Native Cache_Dirs Support


jonp

Recommended Posts

In getting back to a native cache_dirs, I was thinking for large arrays with many files it might be useful to enable these based on disk level/user share level where each item has it's own max depth.

 

In my particular structure, I have millions of files, but I would probably only want to cache a couple disks, down to about 4 levels.  This way the main distribution of media type / media genre / artist or various artists / collection name was cached and not every single individual file. (this is just an example, I'm sure everyone's layout varies).

 

Point is we may need to set a maxdepth based on disk/usershare for custom layouts.

Link to comment

The question really should be why does a parity check or drive rebuild clear out the caches that causes cache_dirs to kick in to real disk reads again?

 

Do they have to?

 

Shouldn't happen.  All parity/rebuild operations use private buffers allocated by unraid driver and do not consume any buffer cache.

Link to comment

The question really should be why does a parity check or drive rebuild clear out the caches that causes cache_dirs to kick in to real disk reads again?

 

Do they have to?

 

Shouldn't happen.  All parity/rebuild operations use private buffers allocated by unraid driver and do not consume any buffer cache.

 

Could there be some bounce buffers being utilized in certain motherboards?

 

Other then that the only other explanation is all the IO going on with parity/rebuild is causing the dentry and filesystem data to be aged out.

Link to comment

Was writing a reply about how this definitely happens etc etc but then I realized I only assume it happens. Yes it seems to happen every time and certainly tings like preclear absolutely ruin cache_dirs performance but that again isnt exactly the same thing.

 

Alot of this comes down to us deciding/working out how to test this thing properly. All tests so far are pretty ad hoc with so many variables it makes conclusions confusing at best.

 

Ideally we would want to be able to see the cache fill up vs. the inode count on disk vs. the settings chosen and from there start to play with pressures and loads.

Link to comment

Other then that the only other explanation is all the IO going on with parity/rebuild is causing the dentry and filesystem data to be aged out.
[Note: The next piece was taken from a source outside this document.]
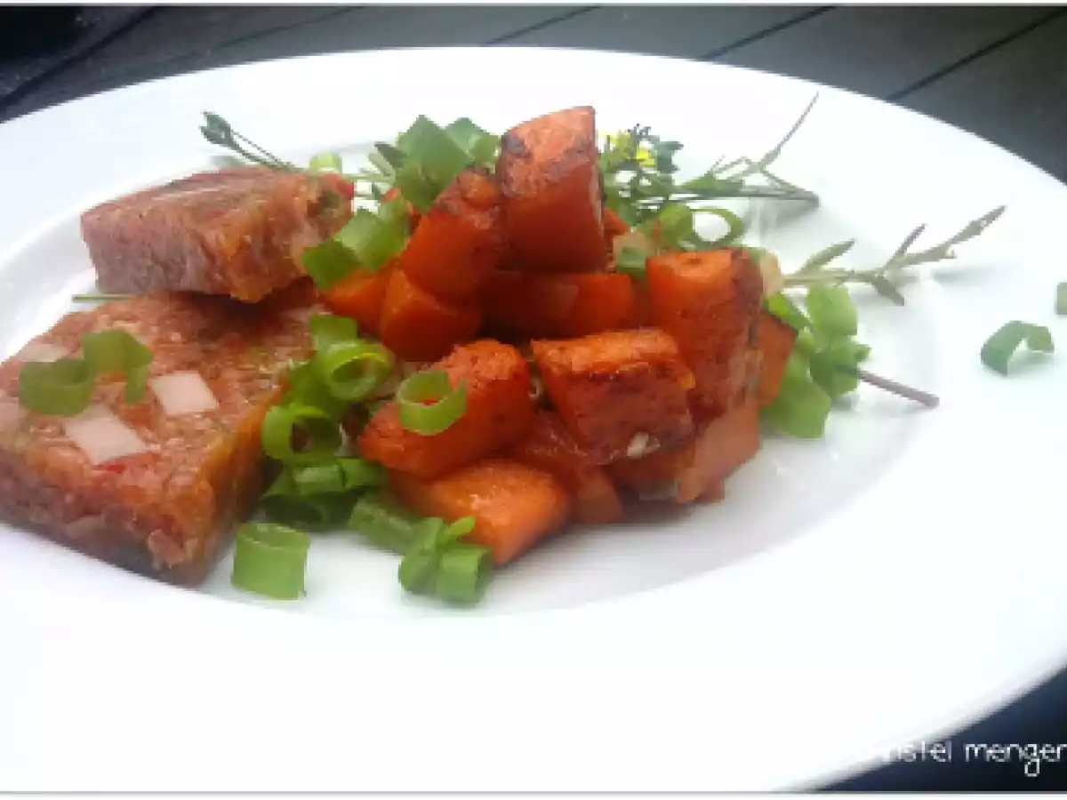 - Die Zwiebelwürfel zugeben und mit anbraten; dabei die Pfanne regelmäßig schwenken, Butter und Walnussöl zugeben und die Süßkartoffelwürfel glasieren.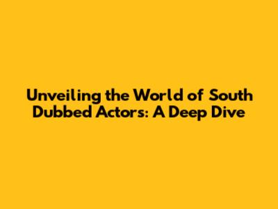 Unveiling The World Of South Dubbed Actors: A Deep Dive

If I had to put money somewhere this would be it.

 

I haven't looked at Joe's script for a long time, maybe he disables scanning if a parity operation is in-progress.

Link to comment

I'm fairly sure that's not the case.    But it's actually not that bad an impact on a parity check once the cached directories are completed.

 

As I noted earlier, if you reboot a system with Cache_Dirs enabled and then immediately start a parity check, it will be VERY notably slower than if you do the same thing with Cache_Dirs disabled.

 

But after about 30 minutes (on my system -- this time will depend on how many disks and files you have)  the parity check will start running at normal speed and will continue to do so unless you use the system for other things and, particularly, if you access a bunch of directories that weren't in the cache ... as these will cause Cache_Dirs to have to do some rescanning.

 

Link to comment

I think the simplest "solution" is a simple On/Off switch for Cache-Dirs in the Web GUI  :)

 

I suspect most of us would leave it on all the time except when we wanted to do a parity check or drive rebuild.

 

I can't imagine it would be that hard to automatically turn off cache-dir during those two situations, both otherwise provide the switch.

Link to comment

Continued from

http://lime-technology.com/forum/index.php?topic=34425.msg322248#msg322248

http://lime-technology.com/forum/index.php?topic=34425.msg322275#msg322275

http://lime-technology.com/forum/index.php?topic=34425.msg322293#msg322293

 

While I know this is slightly off topic to cache_dirs itself, I wanted to present some other data for feasibility review.

 

I.E. Caching the data via another warehousing mechanism.

This time with SQLite.

Since it's part of the newer unRAID releases, it opens up other doors for tracking our filenames/md5 sums.

 

You can see it takes enormous amounts of time to traverse 3 disks with over a million files.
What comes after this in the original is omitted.